== The problem ==
All pictures must be left out as you transcribe the lines from the first line of the data to the line containing "Pink Tank Top & Checkered Leggings Set", both included.

== Supplied records ==
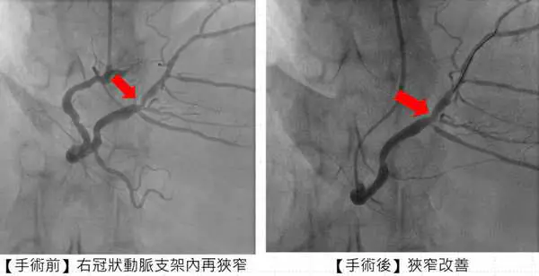 圖一:來自花蓮患者張先生施行「刀片氣球」及「塗藥氣球」治療後,右冠狀動脈支架狹窄改善。
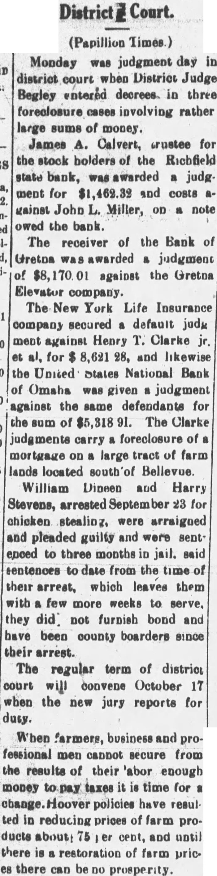 Henry Mooding, prominent Chalco farmer, spent a few hours in Gretna Tuesday.
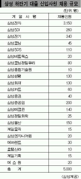 계열사별 채용 규모를 보면 신규투자로 인력충원 수요가 많은 삼성전자가 3150명으로 가장 많이 뽑는다.이어 삼성전기 340명,삼성SDI 260명,삼성중공업 200명,삼성물산 150명,삼성테크윈 140명,삼성생명 130명,삼성화재 130명,삼성SDS 110명 순이다.
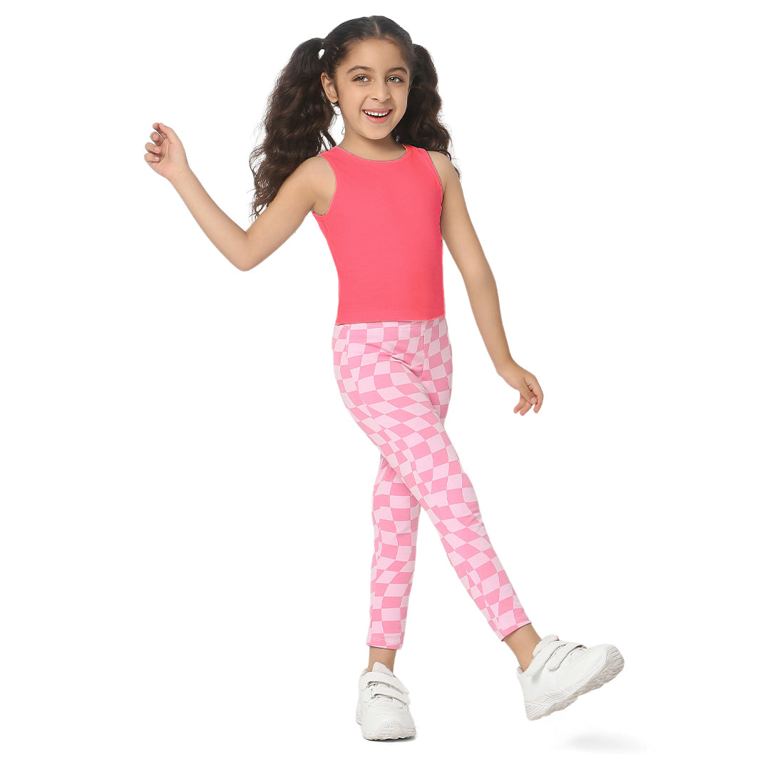 Pink Tank Top & Checkered Leggings Set
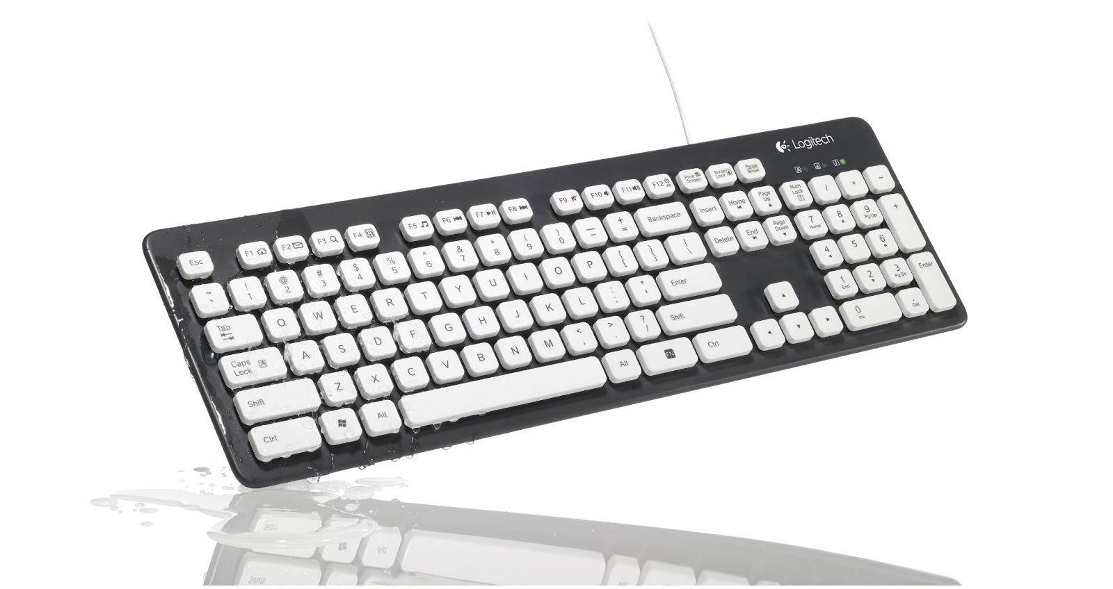 Se puede sumergir en hasta 30 centímetros de agua y seca muy rápidamente gracias a unos orificios de drenaje en la parte posterior. Las teclas están pensadas para aguantar arañazos y los caracteres están impresos con láser y recubrimiento ultravioleta para que no se desgasten con el tiempo. El diseño plano de la superficie y la gran resistencia de los materiales erigen a este teclado como uno de los más robustos que se pueden encontrar. Viene listo para conectarlo y empezar a escribir sin problemas ya que no requiere instalar ningún tipo de software. El Logitech Washable Keyboard K310 tiene tres años de garantía y un precio de 41,50 euros.

== Written answer ==
 圖一:來自花蓮患者張先生施行「刀片氣球」及「塗藥氣球」治療後,右冠狀動脈支架狹窄改善。
 Henry Mooding, prominent Chalco farmer, spent a few hours in Gretna Tuesday.
 계열사별 채용 규모를 보면 신규투자로 인력충원 수요가 많은 삼성전자가 3150명으로 가장 많이 뽑는다.이어 삼성전기 340명,삼성SDI 260명,삼성중공업 200명,삼성물산 150명,삼성테크윈 140명,삼성생명 130명,삼성화재 130명,삼성SDS 110명 순이다.
 Pink Tank Top & Checkered Leggings Set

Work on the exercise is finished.